Ricordo una gita scolastica a Budapest, poco dopo la caduta del Muro di Berlino. Si trovavano per le strade un sacco di Trabant, le mitiche auto della Germania dell'Est. Mi ero fatto fotografare davanti ad una di esse, azzurro puffo, e poi avevo mandato la foto alla redazione del trimestrale di Smemoranda per un concorso sui mezzi di trasporto più originali...
Bello che un giovane gruppo italico abbia rubato il nome a quella piccola simpatica auto (pure gli U2 l'avevano presa in prestito per un loro famoso tour), bello che producano una musica spumeggiante dedicandola ai perdenti.

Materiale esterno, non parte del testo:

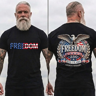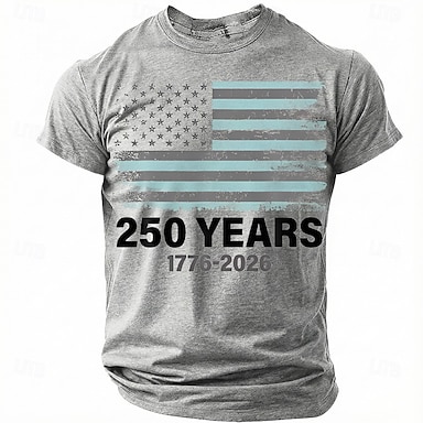4 luglio 2026 250° Giorno della Memoria Maglietta a Maniche Corte con Stampa 3D Bandiera Statunitense Collo Giro Uomo Stile Quotidiano
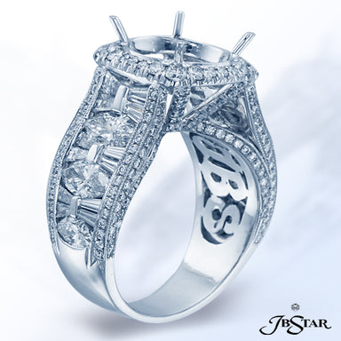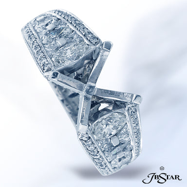 JB STAR PLATINUM DIAMOND SEMI-MOUNT HANDCRAFTED WITH CAREFULLY MATCHED MARQUISE, ROUND AND TRAPEZOID DIAMONDS IN CENTER CHANNEL, EDGED IN MICRO PAV...

La partenza è a tutta birra. Non fai manco in tempo a salire sulla Trabant, che gira già a mille con 187 P.C., mentre non puoi fare a meno di fermarti e scendere dall’auto al secondo pezzo, per ballare al ritmo di un punkettone scatenato come Gone Too Far o, poco dopo, con la suggestiva techno dal volto umano Tonight Party (con musica così il party rischia di non finire mai). Spensierata Milky Way, l'ideale da ascoltare in auto mentre andate per una dritta strada senza meta, una zingarata in montagna tra paesaggi mozzafiato. Dilatato/dilatante il finale con Happyness=Guiltyness, degna coda di un cd tiratissimo (a proposito di coda, la mia, dopo l'ascolto, è distrutta).
Se i giovani Radiohead e i giovani Cure suonassero insieme ne uscirebbe un disco come Music 4 Losers... Un disco impossibile!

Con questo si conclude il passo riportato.